On Nov 28, 2011, at 9:15 PM, Jeff Wheeler wrote:
On Mon, Nov 28, 2011 at 4:51 PM, Owen DeLong <owen@delong.com> wrote:
Technically, absent buggy {firm,soft}ware, you can use a /127. There's no actual benefit to doing anything longer than a /64 unless you have buggy *ware (ping pong attacks only work against buggy *ware), and there can be some advantages to choosing addresses other than ::1 and ::2 in some cases. If you're letting outside packets target your point-to-point links, you have bigger problems than neighbor table attacks. If not, then the neighbor table attack is a bit of a red-herring.
Owen and I have discussed this in great detail off-list. Nearly every time this topic comes up, he posts in public that neighbor table exhaustion is a non-issue. I thought I'd mention that his plan for handling neighbor table attacks against his networks is whack-a-mole. That's right, wait for customer services to break, then have NOC guys attempt to clear tables, filter traffic, or disable services; and repeat that if the attacker is determined or going after his network rather than one of his downstream customers.

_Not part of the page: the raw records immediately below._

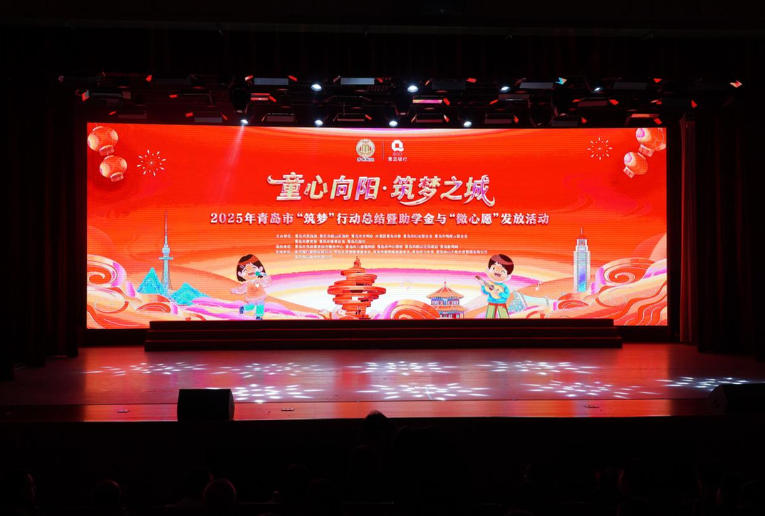 筑梦之城”2025年青岛市“筑梦”行动总结暨助学金与“微心愿”发放活动在青岛市冰山之角大剧院温情落幕。
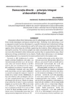 Democrația directă – principiu integrat al dezvoltării Elveției Discussions about direct democracy and its advantages and risks are often superficial, invoke stereotypes and ignore empirical data. Evidently, Swiss democracy is not a copy/paste model, but has developed in a specific historical and institutional setting. It is obvious that both conservative as well as left-wing critics overemphasize their case against direct democracy by (wilfully) neglecting the evidence. Direct democracy does not lead to anarchy. The common people can make reasonable decisions. Minorities are not more discriminated in direct democratic systems than in representative ones. Direct democracy brings contentment to its citizens. Finally, direct democracy is not ideologically predisposed. It is a mechanism to revert policies back to the median voter.
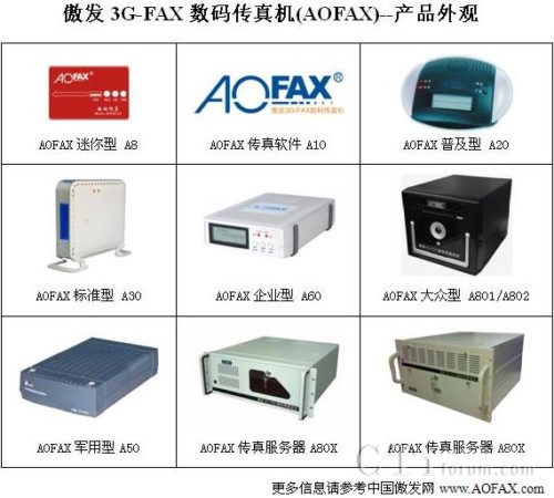 由金恒科技推出的全系列數(shù)碼傳真產(chǎn)品涵蓋了上述三個(gè)種類,上圖就是AOFAX無紙傳真產(chǎn)品系列的外形圖。其中迷你型A8和傳真軟件A10屬于第一種,普及型A20、標(biāo)準(zhǔn)型A30、軍用型A50和企業(yè)型A60屬于第二種,大眾型A801/A802和專業(yè)型傳真服務(wù)器則屬于第三種。
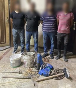 عقب تقنين الإجراءات تم إستهداف الورشة المُشار إليها وأمكن ضبط (مالك الورشة ، و 3 أشخاص آخرين “لإثنين منهم معلومات جنائية”).. حال قيامهم بالتنقيب عن الآثار داخل الورشة المُشار إليها ، وعُثر بداخلها على (حفرة قطرها 1,5 × 1,5متر بعمق 2 متر – أدوات حفر وتنقيب) ، وبمواجهتهم أقر أحدهم بالإستعانة بباقى المتهمين للقيام بأعمال الحفر بقصد التنقيب عن الآثار ، وبمواجهتهم أيدوا ذلك.

That's _NOT_ a fair characterization of what I said above, nor is it a fair characterization of my approach to dealing with neighbor table attacks. What I said above is that if you allow random traffic aimed at your point to point links, you're doing something dumb. If you don't allow random traffic, you don't have a neighbor table exhaustion attack reaching your point to point interfaces. It's that simple. That's what I said above. As to my actual plan for dealing with it, what I said was that if we ever see a neighbor table attack start causing problems with services, we'd address it at that time. Likely we would address it more globally and not through a whack-a-mole process. I did not give details of all of our mitigation strategies, nor can I. What I can say is that we do have several /64s that could be attacked such that we'd notice the attack. Most likely the attack wouldn't break anything that is a production service before we could mitigate it. In more than a decade of running production IPv6 networks, we have yet to see a neighbor table attack. Further, when you consider that most attacks have a purpose, neighbor table attacks are both more difficult and less effective than other attack vectors that are readily available. As such, I think they are less attractive to would-be attackers.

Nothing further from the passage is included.